Nonalcoholic fatty liver disease (NAFLD) is a common non-communicable disease affecting 20% to 30% of adult populations in developed countries (3). Furthermore, NAFLD is generally associated with obesity, sedentary life style, and metabolic syndrome (4). It includes a wide range of liver pathology from mild steatosis to severe hepatic fibrosis and cirrhosis (5). Thus, diagnosis of NAFLD could at times be problematic (6). Even when the diagnosis is achieved, treatment is not easily established, as there are no approved drugs for treatment. Several treatment protocols are suggested and applied by clinicians and researchers, yet there is no consensus among experts and clinicians on medical treatment (7). Generally, a combination of modified diet and exercise is recommended for treatment (8).

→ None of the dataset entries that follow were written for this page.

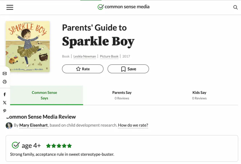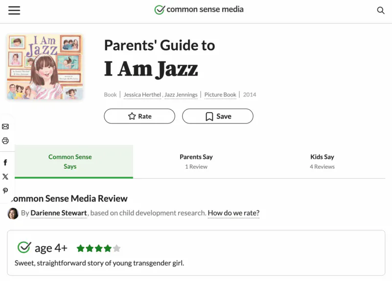 The group recommends transgender content for 4-year-olds, including “I Am Jazz,” which it calls a “Sweet, straightforward story about a transgender girl.” It also recommends “Jacob’s New Dress,” a story about a young boy who likes to crossdress and was written by parents of a “gender-non-confirming child,” and “Sparkle Boy,” the story of a 3-year-old boy who “loves all the glittery stuff his older sister loves” and “causes a stir” when he crossdresses.
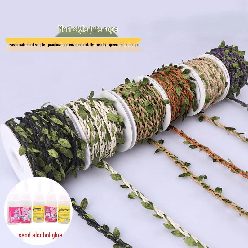 DIY Colorful Forest Style Green Rattan Leaves Hand-Woven Jute Rope for Decoration and Jewelry
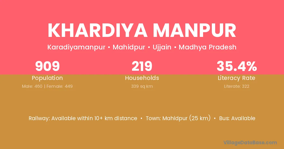 Mahidpur (25 km) is the nearest town to Khardiya Manpur village for major economic activities and is located approximately 25 km away.
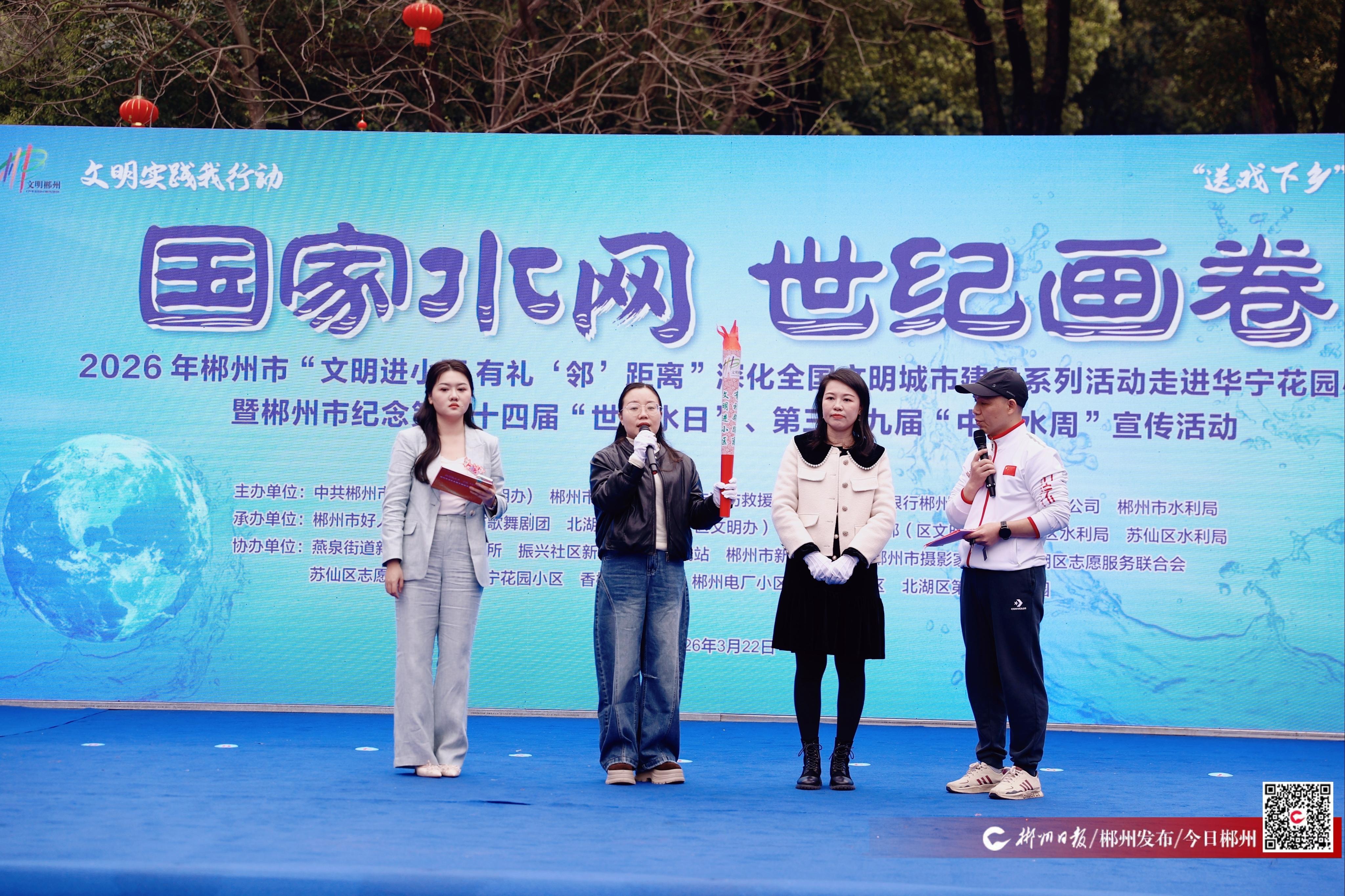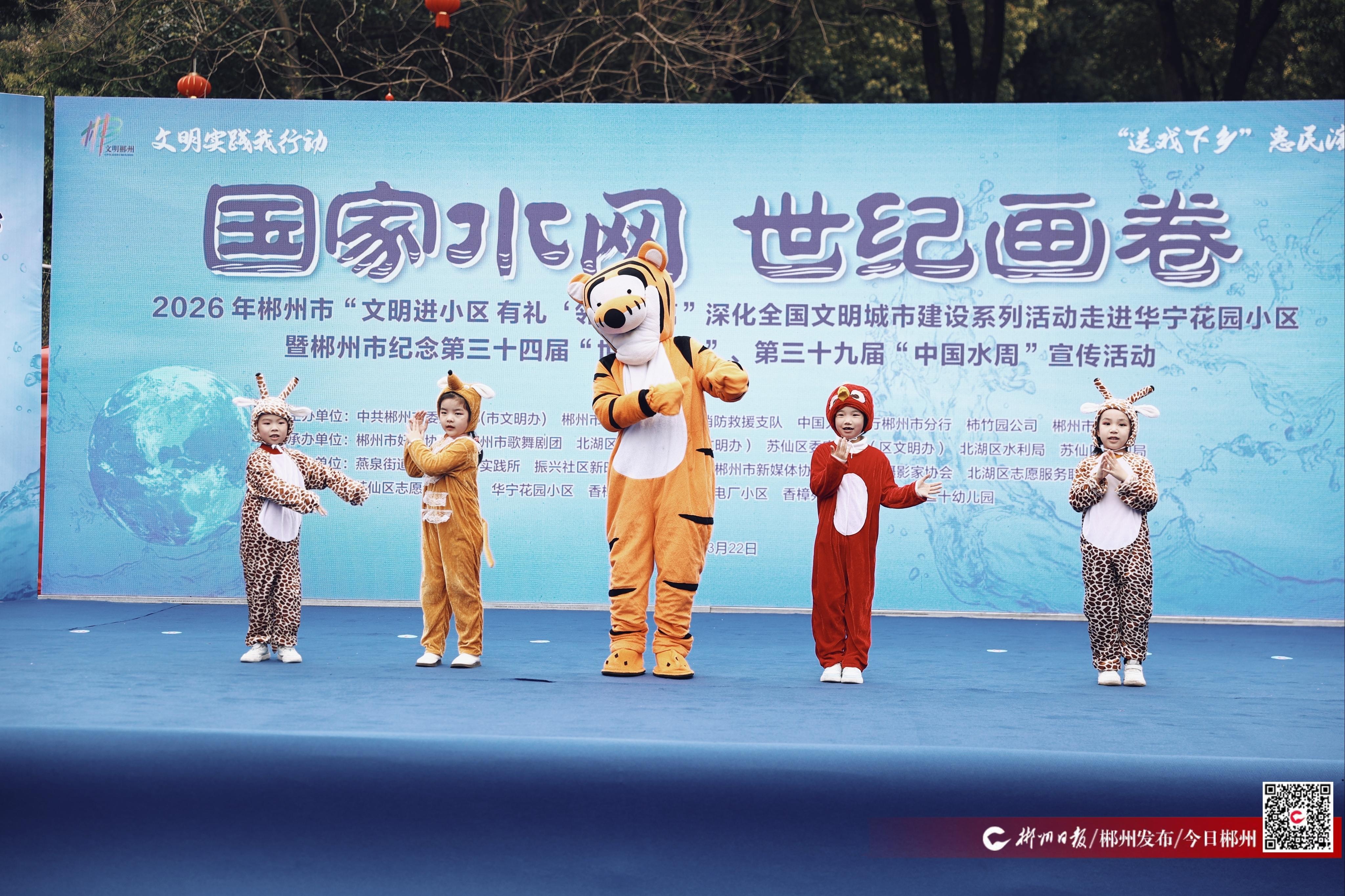 随后,“文明大舞台”精彩启幕,暖场视频《文明郴州disco》率先点燃现场氛围,6支社区文艺队伍同台献艺,互动游戏“消防抓呀抓”趣味横生,集体生日会、读家书环节温情流淌,好人故事微宣讲传递正能量,文明火炬交接彰显文明传承的力量。
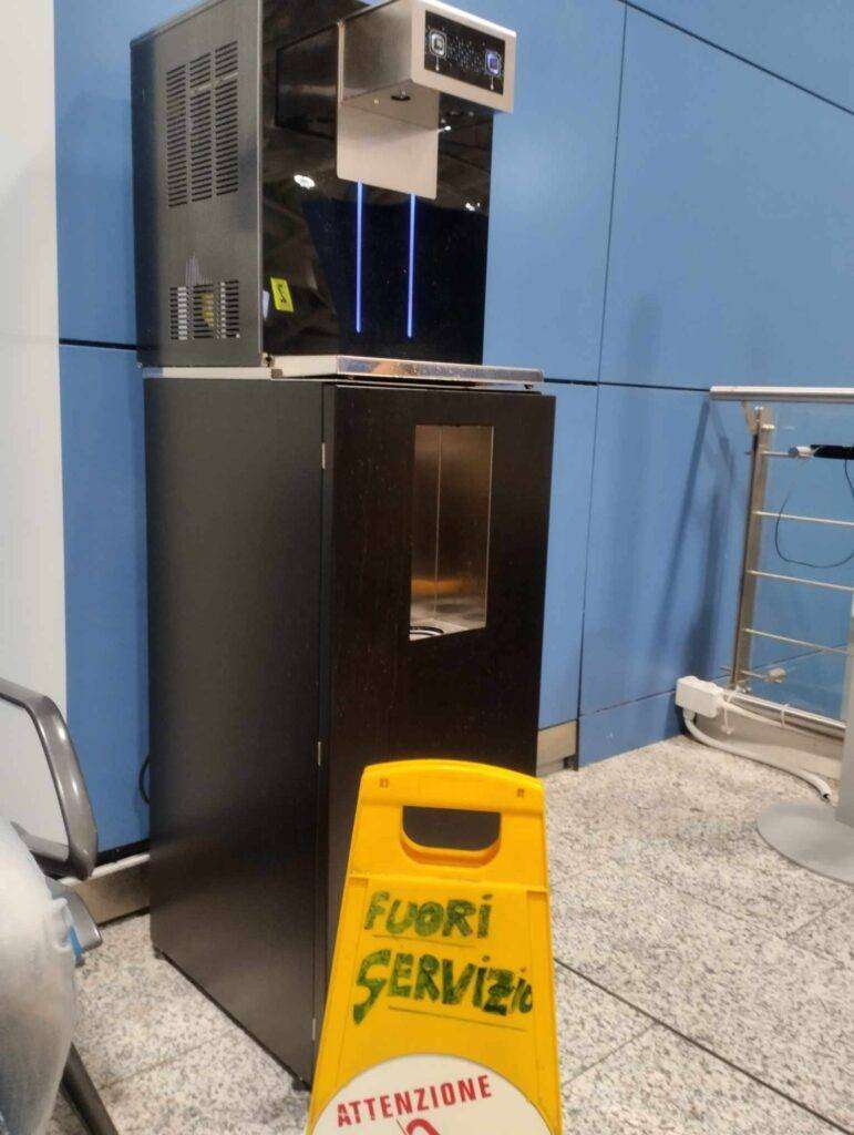 Oggi, a distanza di meno di un mese dall’annuncio la situazione è ben diversa. Infatti risulta guasto l’erogatore al piano terra della struttura.

Some researchers have shown that a high antioxidants and anti-inflammatory diet could be effective in NAFLD treatment (9). Food bioactive compounds are among the suggested therapeutic approaches for NAFLD (10). In fact, some anti-oxidants, anti-inflammatory, and insulin sensitizer dietary supplements are believed to modulate the activation of genes involved in lipogenesis, fibrogenesis, lipid peroxidation, and inflammation (9).
Iron chelating agents, such as green tea extracts, are suggested by some researchers to have beneficial effects in animal and human studies (11). These effects are observed on obesity, total and visceral body fat, insulin resistance, serum cholesterol, and different degrees of liver steatosis. Steatosis is reduced by decreased lipids and carbohydrates absorption and inhibited adipose tissue turn over in both hepatic and adipose tissues. Antioxidant and anti-inflammatory characteristics of the active agents result in inhibited steatohepatitis (12).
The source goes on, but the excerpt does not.